預設情況下若判斷 rd 沒有 overutilized 是不進行負載均衡的,但是有個hook,vendor可以更改此邏輯。

1. init_sd_lb_stats

static inline void init_sd_lb_stats(struct sd_lb_stats *sds)
{
    /*
     * Skimp on the clearing to avoid duplicate work. We can avoid clearing
     * local_stat because update_sg_lb_stats() does a full clear/assignment.
     * We must however set busiest_stat::group_type and
     * busiest_stat::idle_cpus to the worst busiest group because
     * update_sd_pick_busiest() reads these before assignment.
     */
    *sds = (struct sd_lb_stats){
        .busiest = NULL,
        .local = NULL,
        .total_load = 0UL,
        .total_capacity = 0UL,
        .busiest_stat = {
            .idle_cpus = UINT_MAX,
            .group_type = group_has_spare,
        },
    };
}

2. update_sd_lb_stats()

更新 sg 的算力。在base domain(MC domain)上,我們會更新發起均衡所在CPU的算力。注意:這裡說的CPU算力指的是該CPU可以用於cfs任務的算力,即需要去掉由於thermalpressure而損失的和去掉RT/DL/IRQ消耗的算力。具體請參考 update_cpu_capacity 函式。在其他non-base domain(DIE domain)上,我們需要對本地 sg(發起均衡的CPU所在的group)進行算力更新。這個比較簡單,就是把child domain(即MC domain)的所有 sg 的算力加起來。更新後的算力儲存在 sg 中的 sgc 成員中。
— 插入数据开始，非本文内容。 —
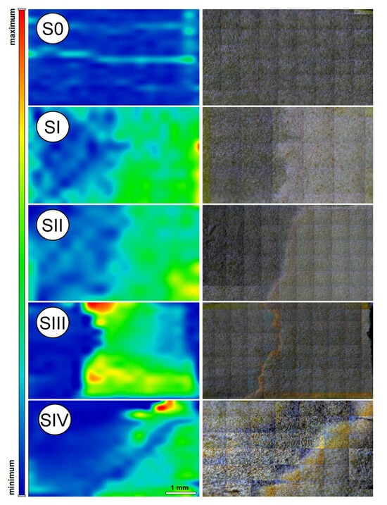 2-D Raman maps of Platycerium bifurcatum leaf (sporophilic part) in their various sporulation phases: S0—non-sporulating leaf; stage I (SI) leaf with young sporangium; stage II and III (SII and SIII) respectively, leaves with immature sporangium; stage IV (SIV)—leaf with mature sporangium. The grey panel (the right panel)—raw photos from the apparatus. Colored panel (the left one) presents integrated bands related to -C=C- stretching vibration modes (1525 cm−1) and painted according to carotenoids content (blue—minimum content, red—maximum content). At stage S0, the Car concentration was relatively low and homogeneously distributed across the mapped area. In subsequent stages (SI and SII), pigment levels increase and remain comparable between these stages, with enhanced localization in the sporophilic parts, green areas in Figure 6. Transition to stage SIII—corresponding to spore maturation—was marked by an insignificant reduction in the overall surface area expressing carotenoid signals, alongside the emergence of distinct high-intensity zones (represented in yellow and red). These hotspots are likely associated with intersporangial tissues undergoing localized pigment accumulation. The border between trophophilic and sporophilic tissue becomes significantly more defined. Finally, the Raman map of the leaf in stage SIV reveals almost a complete loss of carotenoid-associated signal, reflecting the presence of fully matured spores and the onset of desiccation in living tissues.

此函式前半段主要是遍歷該 sd 所有的group,對其負載統計進行更新。更新完負載之後會選定兩個 sg:其一是local group,另外一個是最繁忙的non-local group,然後進行進一步PK。

/**
 * update_sd_lb_stats - Update sched_domain's statistics for load balancing.
 * @env: The load balancing environment.
 * @sds: variable to hold the statistics for this sched_domain.
 */
static inline void update_sd_lb_stats(struct lb_env *env, struct sd_lb_stats *sds)
{
    struct sched_domain *child = env->sd->child;
    struct sched_group *sg = env->sd->groups;
    struct sg_lb_stats *local = &sds->local_stat;
    struct sg_lb_stats tmp_sgs;
    int sg_status = 0;

#ifdef CONFIG_NO_HZ_COMMON
    if (env->idle == CPU_NEWLY_IDLE && READ_ONCE(nohz.has_blocked)) //TODO: 看什麼時候更新的?
        env->flags |= LBF_NOHZ_STATS;
#endif

    do {
        struct sg_lb_stats *sgs = &tmp_sgs;
        int local_group;

        //MC層級只有1個cpu,DIE層級是一個cluster的cpu
        local_group = cpumask_test_cpu(env->dst_cpu, sched_group_span(sg));
        /*
         * 更新算力沒有必要更新的太頻繁,這裡做了兩個限制:
         * 1.只有 local group 才進行算力更新,
         * 2.對於new idle型別的balance通過時間間隔來減少頻繁的更新算力,這個時間間隔來自balance_interval:
         *        jiffies + msecs_to_jiffies(sd->balance_interval)。
         * 3.其它型別的idle可以更新算力
         */
        if (local_group) {
            sds->local = sg;
            sgs = local;

            if (env->idle != CPU_NEWLY_IDLE || time_after_eq(jiffies, sg->sgc->next_update))
                //更新sd->sg->sgc裡面的相關capacity成員,DIE層級的MC裡面的也一併更新
                update_group_capacity(env->sd, env->dst_cpu);
        }

        /*上面是更新算力,這裡是更新該sched group的負載統計*/
        update_sg_lb_stats(env, sg, sgs, &sg_status);

        /*
         * 在sched domain的各個group遍歷中,我們需要兩個group資訊,一個是local group,另外一個就是
         * non local group中的最忙的那個group。顯然,如果是local group,不需要下面的比拼最忙的過程。
         */
        if (local_group)
            goto next_group;

        //對於non local group的sg,和之前找到最忙的那個group進行PK,更忙的選中為busiest sg
        if (update_sd_pick_busiest(env, sds, sg, sgs)) {
            sds->busiest = sg;
            sds->busiest_stat = *sgs;
        }

next_group:
        /* Now, start updating sd_lb_stats */
        /* 累計各個sg的負載和算力到sds */
        sds->total_load += sgs->group_load;
        sds->total_capacity += sgs->group_capacity;

        //MC層級就是在本cluster的各cpu之間遍歷,DIE層級是在各個cluster之間遍歷
        sg = sg->next;
    } while (sg != env->sd->groups); //發起均衡的cpu所在的group就是最先遍歷的sg


    /* Tag domain that child domain prefers tasks go to siblings first */
    sds->prefer_sibling = child && child->flags & SD_PREFER_SIBLING; //這是什麼操作?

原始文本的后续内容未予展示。